El Papa Francisco ha establecido con un
motu proprio que los ministerios del
Lector y del Acólito están en adelante
también abiertos a las mujeres, de
forma estable e institucionalizada con
un mandato especial. Las mujeres que
leen la Palabra de Dios durante las
celebraciones litúrgicas o que realizan
un servicio en el altar, como ministras
o como dispensadoras de la Eucaristía,
no son ciertamente una novedad: en
muchas comunidades del mundo son
ahora una práctica autorizada por los
obispos.

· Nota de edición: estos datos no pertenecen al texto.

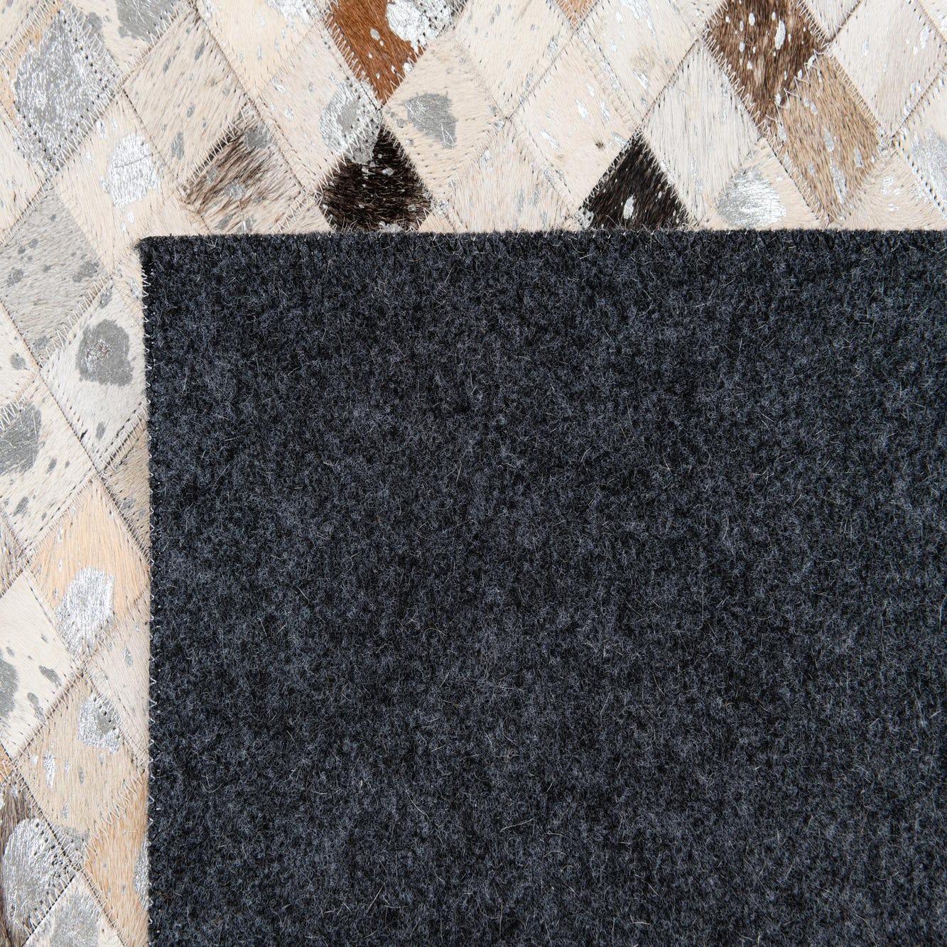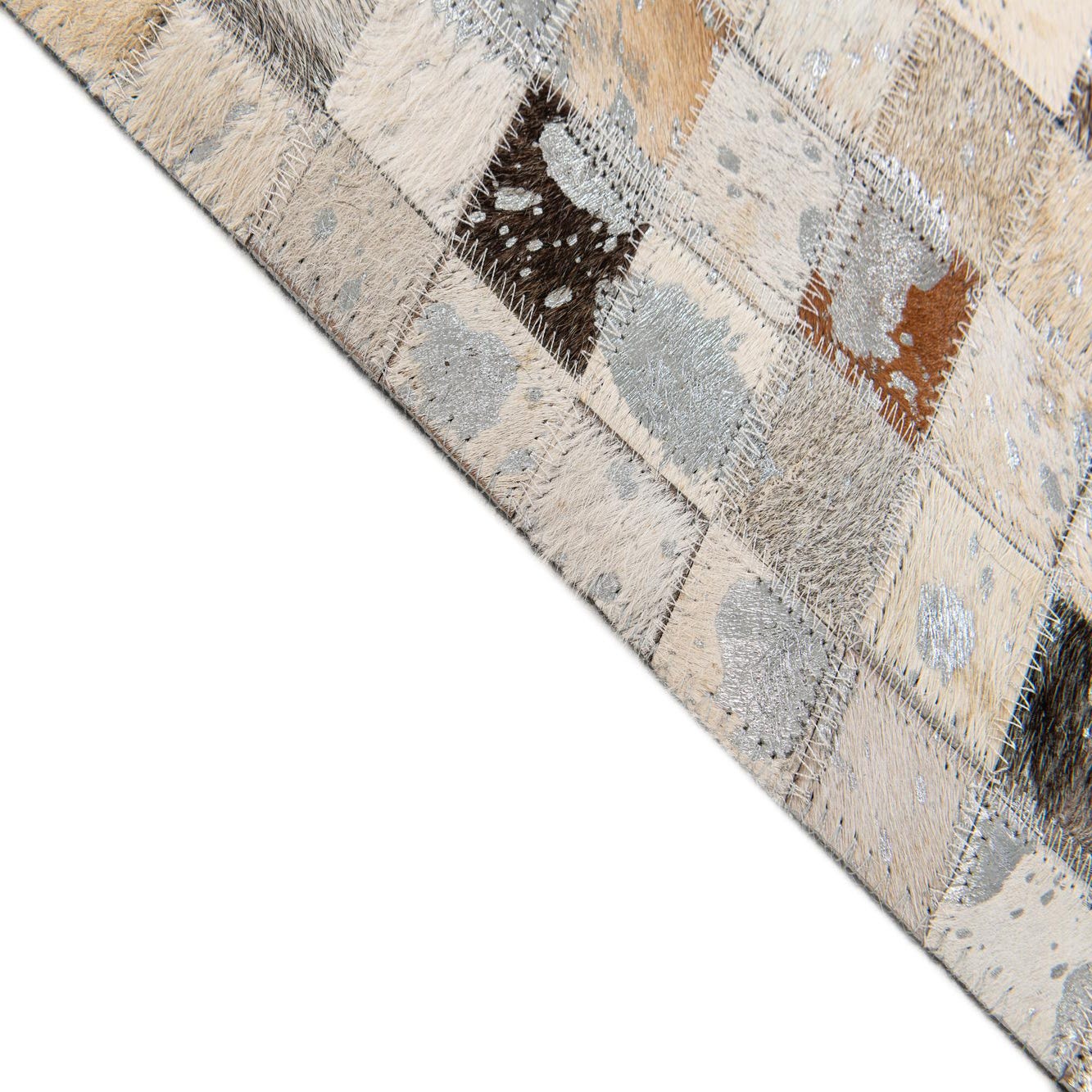 The palette mixes ivory, beige, tan, gray and brown for a warm, neutral field with cool accents. Running your hand over the rug you’ll notice the soft hair-on-hide pile contrasted by stitched leather seams, giving a gentle, low-profile texture and a tactile richness that’s pleasant underfoot.

Ahora el Papa Francisco,
también a raíz del discernimiento que
surgió de los últimos Sínodos de Obispos,
quiso hacer oficial e institucional esta
presencia femenina en el altar.
Con el motu proprio "Spiritus Domini",
que modifica el primer párrafo del
canon 230 del Código de Derecho
Canónico, el Pontífice establece, por
tanto, que las mujeres pueden acceder a
estos ministerios y que se les atribuye
también mediante un acto litúrgico
que las institucionaliza.
La nueva formulación del canon reza:
"Los laicos de una edad y unos dones
determinados por decreto de la Conferencia Episcopal podrán ser empleados
permanentemente, mediante el rito
litúrgico establecido, en los ministerios
de lectores y acólitos". Por lo tanto,
se suprime la especificación "del sexo
masculino" que se refería a los laicos
y que estaba presente en el texto del
Código hasta la modificación de hoy.
El Papa explica que "ofrecer a los
laicos de ambos sexos la posibilidad de
acceder a los ministerios de Acolitado
y Lectorado, en virtud de su participación en el sacerdocio bautismal,
aumentará el reconocimiento, de la
preciosa contribución que desde hace
tiempo muchísimos laicos, incluidas
las mujeres, ofrecen a la vida y a la
misión de la Iglesia". Y concluye que
"la decisión de conferir estos cargos,
que implican estabilidad, reconocimiento público y el mandato del obispo,
también a las mujeres hace más efectiva
la participación de todos en la labor
de evangelización de la Iglesia"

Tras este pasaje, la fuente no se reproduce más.